Opening it up, she finds Sokka's senior yearbook photo at the front, and she almost chokes up at the image of her brother, frozen in time. He'd always tried to have a joke yearbook photo, making funny faces or dressing up in ridiculous costumes or gotten crazy hairstyles—but for this one, he'd looked uncharacteristically serious. _Did you know?_ Katara asks the photo, knowing how ridiculous the idea is. His face, still round with baby fat, eyes dark and solemn, hair pulled up in a traditional warrior's wolf tail. And Katara wants to cry knowing she didn't get to see her brother grow up.

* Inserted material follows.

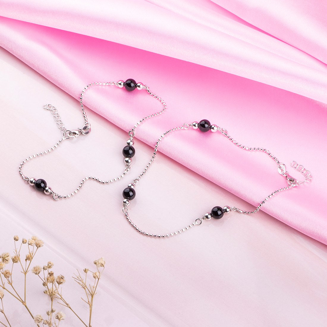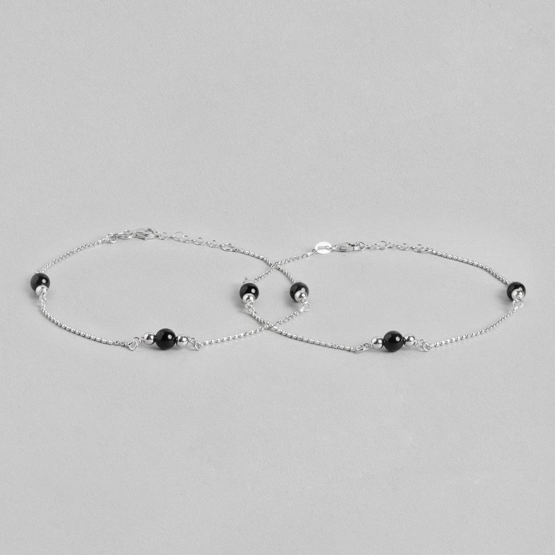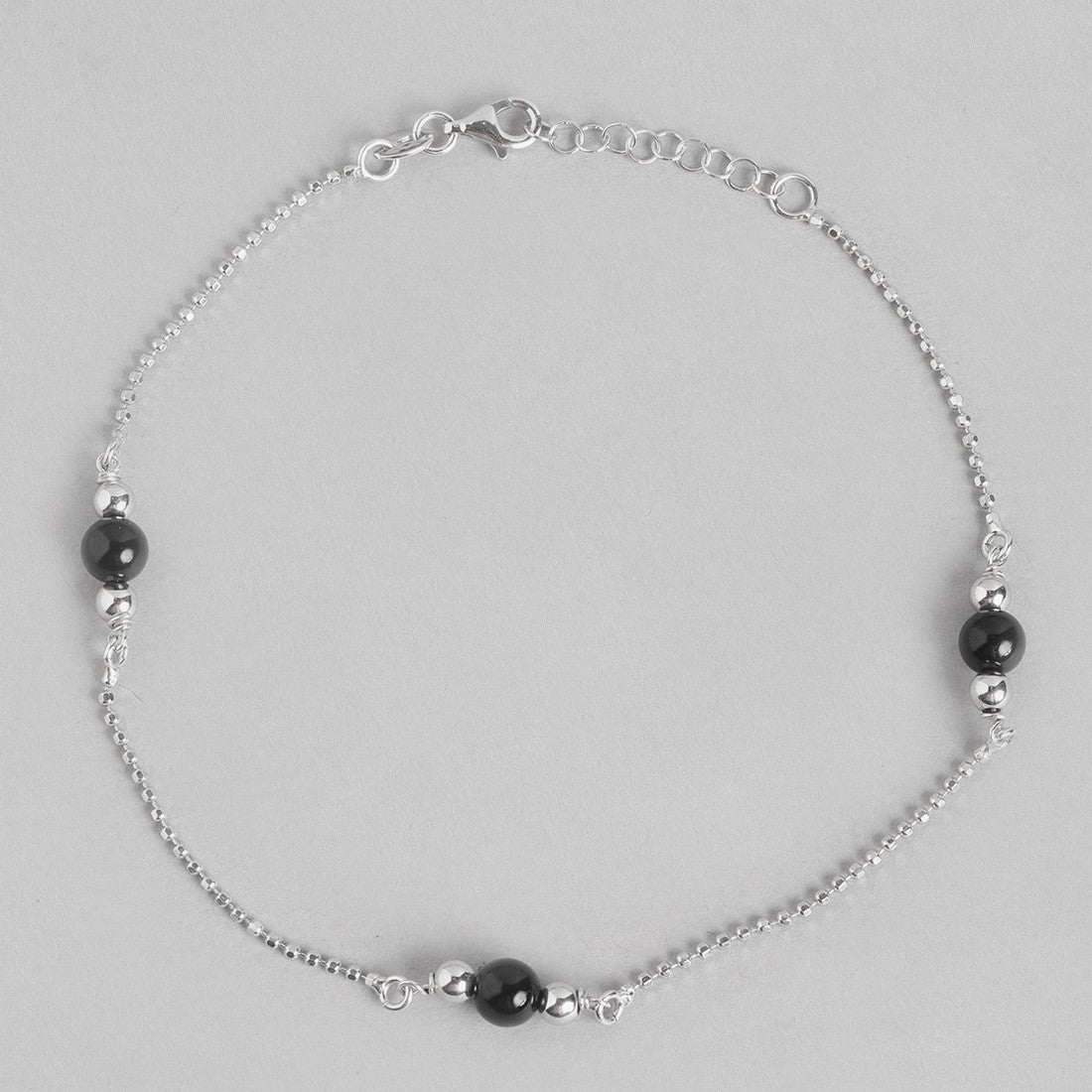 Black Pearl Rhodium Plated 925 Sterling Silver Chained Anklet

Behind the photograph, she finds one singular sheet of paper with Sokka's name, date of birth, age, height, weight, hair and eye color, and the date of disappearance and estimated time. Statements from witnesses. And then the investigation: no evidence of foul play or signs of struggle in his room, no suspicious behavior in his friends or family—Katara laughs weakly at that—the shirshu not picking up any scent, no sightings in nearby towns, no suspicious behavior in anyone around town, either, and Katara can see they gave up the search a few months after he disappeared, around the time Gran-Gran died.

And that's it. Nothing more. One sheet of paper. Katara feels her eyes burn and she wants to do—something, she doesn't know what, she wants to scream, she wants to rage and take Aunt Wu's computer and throw it to the ground, she wants to overturn every desk in this wretched police station, she wants to go up to every officer and ask how could they do it, how could they stop looking for her brother, but she doesn't do any of that. She's just as much to blame. Probably more. Katara turns and leaves, feeling hollow, every step heavy. She leaves Aunt Wu on the phone and the report on her desk.

She takes the photo, though, and folds it carefully in her wallet. She doesn't care that it's stealing. Somehow, she knows Aunt Wu won't mind.

Katara stands outside the police station for a moment, wondering about her next steps. She feels frustration simmering within her, the sense of something being out of reach and she knows there's something she's missing, some piece that will make the puzzle come together, a game show riddle and the prize is her brother back. A notebook, the woods, her dreams... Aunt Wu's words reverberate around in her head.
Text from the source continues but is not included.